Atmosfer bizleri uzaydaki sessizlikten, soğuktan ve karanlıktan koruyan örtümüzdür. Bu örtümüz sadece tek başına elbette yeterli değildir. Öyle ki atmosferin oluşmasında yine uzayın derinliklerinde bulunan güneşe ihtiyacı vardır. Peki bizler yeryüzünde yaşayan canlılar hatta cansız yapılarımızı korurken ne gibi faydalar sağlıyor.

Milyonlarca ötede bulunan güneşimiz bizlere her saniye gönderdiği ışınlar atmosfere giriş yaptığı an itibariyle ne gibi değişimlere uğruyor, güneş ışınlarının tamamı dünyaya ulaşıyor mu, atmosfer güneş ışınlarını yansıtıyor mu. Gelin atmosfere giren ışınların nelere uğradığına bakalım.

100 Işın demetindeki kayıplar

Şöyle bir örnek üzerinden gidecek olursak; güneşten 100 adet fotonları yani ışınları inceleyelim. Bu ışın demetimi atmosfere giriş yaptıktan bir süre sonra bulutlar ve atmosferin etkisiyle 25 tanesi uzaya geri gönderilir. 25 tanesi ise atmosfer içerisinde dağılır biz buna difüzyon deriz. 15 tanesi atmosfer tarafından emilir bizler buna absorbe deriz. 8 tanesi yeryüzüne çarpıp uzaya geri gönderilir geriye kalan 27 tanesi ise yeryüzünü ısıtır.

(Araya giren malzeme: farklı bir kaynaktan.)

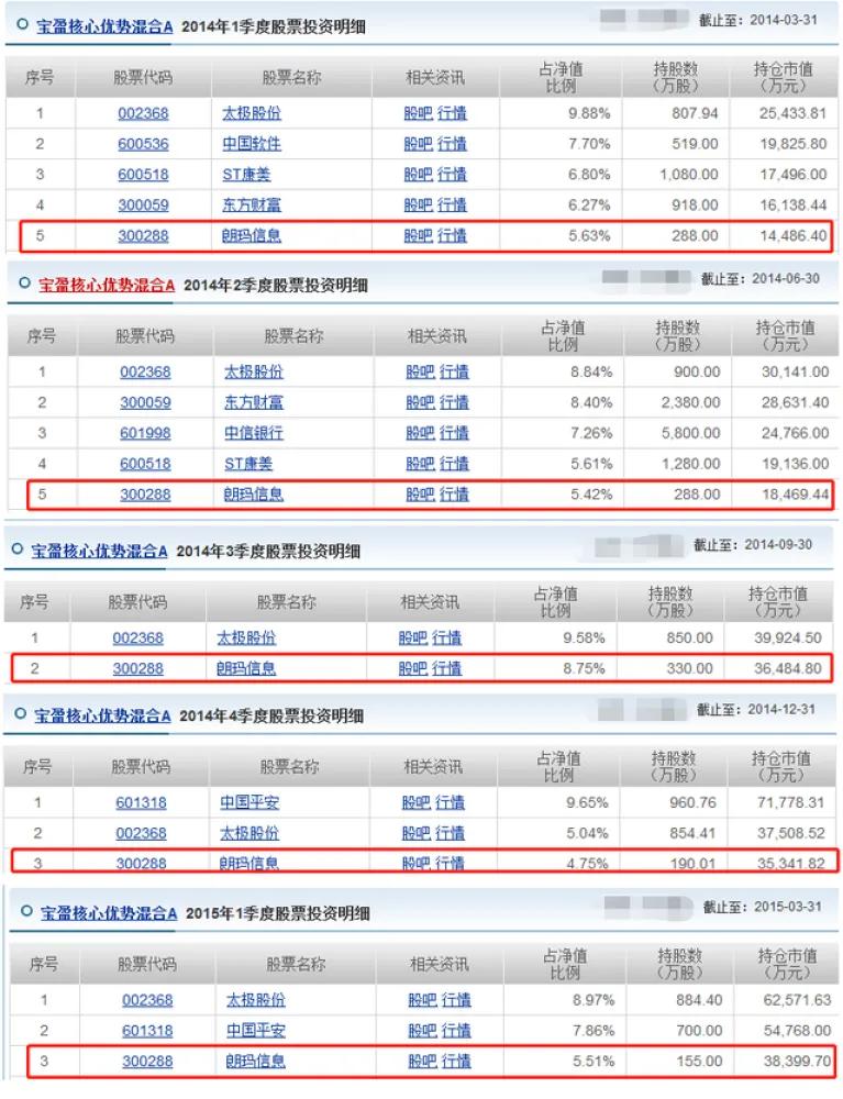 进一步看,在2014年一季度、二季度、三季度、四季度、2015年一季度,朗玛信息分别位列第五大重仓股、第五大重仓股、第二大重仓股、第三大重仓股、第三大重仓股。
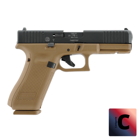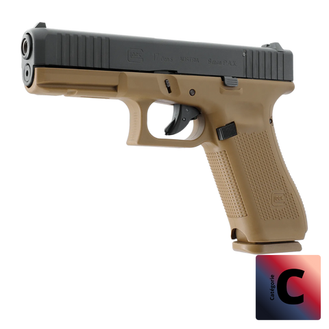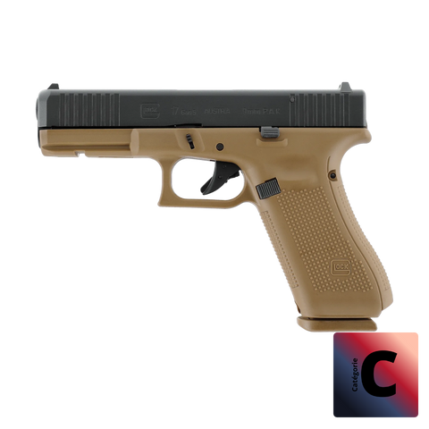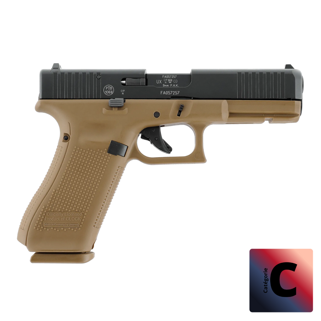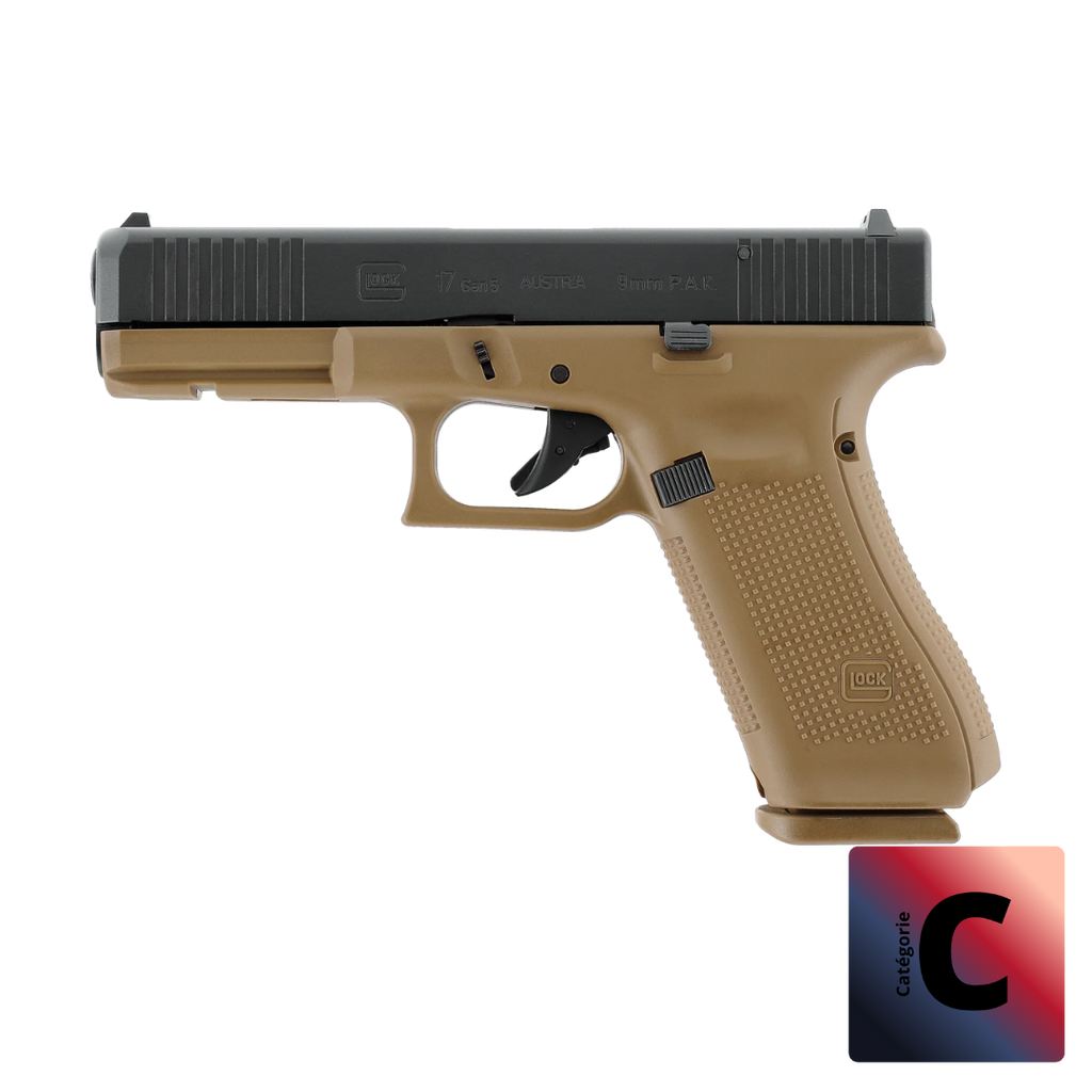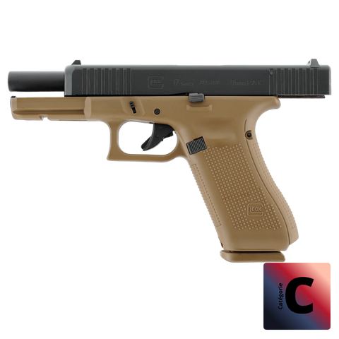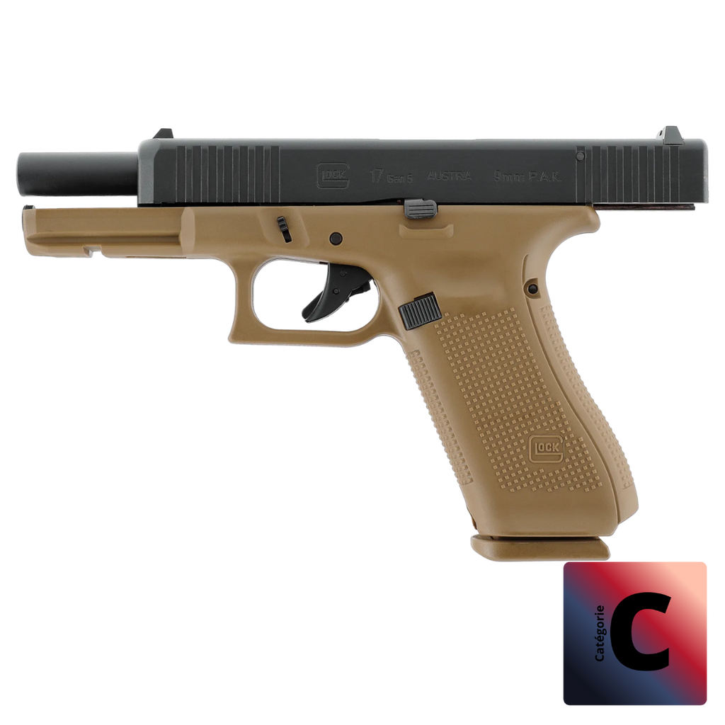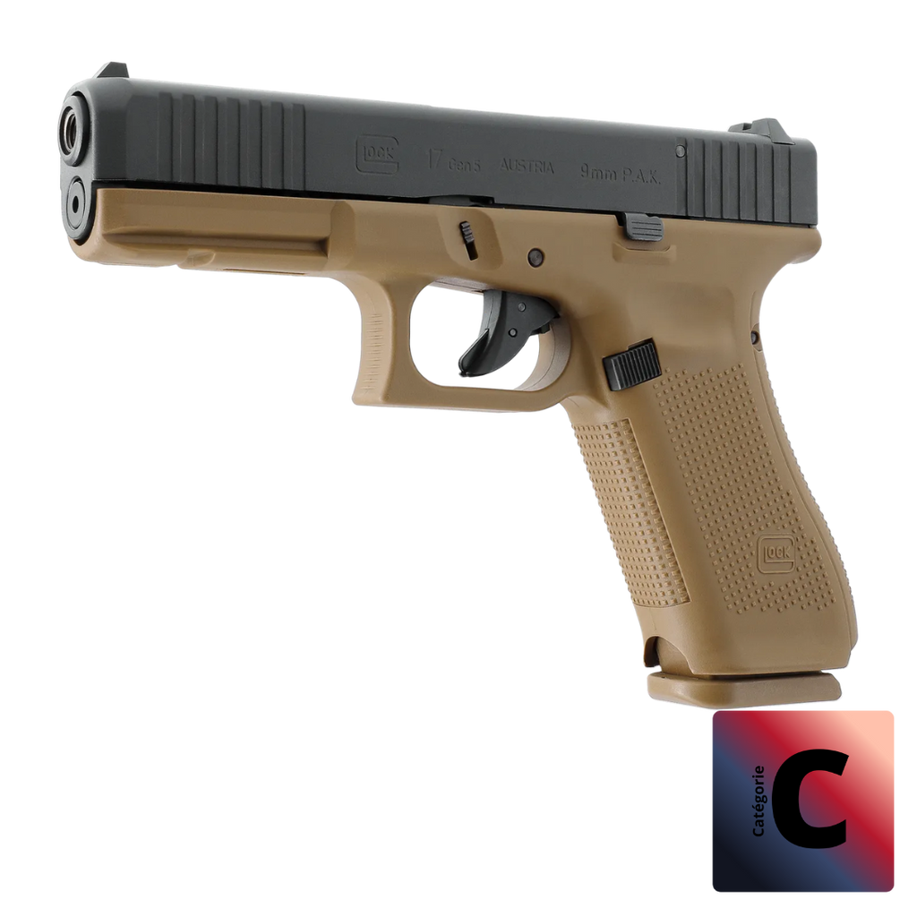 Le Glock 17 Gen5 9 mm P.A.K. reprend fidèlement les dimensions et le design du modèle original, ce qui permet l'utilisation dans la plupart des holsters standards ainsi que le montage d'accessoires Glock sur la poignée arrière.

Işığın kırılıp yansıma olayına refleksiyon deriz peki ama nasıl?

Refleksiyon Nedir

Atmosferi biliyoruz içinde belli başlı hava bulunan bir gaz katmanı eğer atmosfer yazımızı okumadıysanız hemen şuradan gidebilirsiniz. Neyse reklamı geçelim. Atmosfer içindeki gazlar güneşten gelen ışınları az da olsa belli bir açıyla kırabilmektedir. Bulutlar ise daha acımasız bir şekilde yansıtır işte tam da bu olaya refleksiyon olayı gerçekleşir. Bulutlardan geçemeyip ipsiz bucaksız uzayın derinliklerine gönderilen bu ışınlara ise Albedo ismi verilir.

Difüzyon Nedir

Güneşten gelen ışınların dalga boyları ile atmosferde bulunan gaz moleküllerin çapları arasındaki ilişkiye bağlı dağılımlara denir. Öyle ki atmosferin gözümüze mavi görünmesi ya da güneşin sarı renkte görünmesi bu olayın meydana getirdiği süreçle ilgilidir.

Absorbsiyon Nedir

Atmosferin ve yeryüzündeki karaların ve denizlerin ışınları emmesi olayıdır. Sıvıların saydam oluşundan kaynaklı yeryüzündeki hidrografyalar ışınları 200 metre kadar derinliklere kadar ulaştırabilmektedir. Ancak aynı şeyi karalar üzerinde beklememiz mümkün olmamaktadır.